Liver histology in WT and KO mice after acute ANIT treatment. Mice received a single dose of ANIT (50 mg/kg) by gavage and were killed 12 h later, the time point at which neutrophils were most numerous. WT mice are represented in a, c, and e; KO mice are represented in b, d, and f. WT mice show robust periductular inflammation in response to ANIT (a; arrowheads). The neutrophilic component of the inflammatory infiltrate is highlighted by Ly-6G immunohistochemistry (c, e).

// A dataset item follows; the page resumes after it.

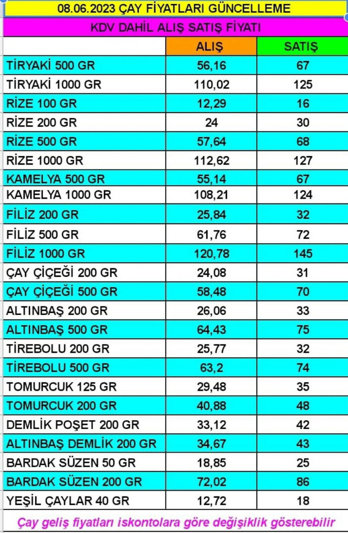 2023 yaş çay alım fiyatının yüzde 64 artışla destek primi dahil kilogramda 11.30 TL olarak açıklanmasının ardından Çaykur, kuru çay fiyatlarında artışa gitti.

Compared with WT mice, KO mice display less overall biliary ductular inflammation after ANIT treatment (b; arrowheads) as well as a lesser degree of neutrophil infiltration (d, f).

Fig. 5

Biochemical markers of liver injury in WT and KO mice after acute ANIT treatment. Histograms show serum alanine aminotransferase (ALT), alkaline phosphatase, and total bilirubin in WT and KO mice at various intervals after a single dose of ANIT (50 mg/kg). Values represent means ± SE for n ≥ 4. *P < 0.05 vs. 6-h value of similar genotype.

Fig. 6

Liver histology in WT and KO mice after chronic ANIT treatment. Photomicrographs illustrate neutrophilic inflammation (a–d) and fibrosis (e, f) in mouse liver after 8 wk of ANIT feeding. a, c, And e are from WT mice; b, d, and f are from KO. Neutrophils are much more prominent in the livers of WT mice than KO mice. WT livers contain clusters of neutrophils scattered throughout the hepatic parenchyma (a). High-power magnification shows that these cells are localized in expanded portal tracts (c). In the livers of KO mice, neutrophils are scarce (b, d). Despite the difference in hepatic inflammation, hepatic fibrosis is similar in both WT and knockout mice (e, f).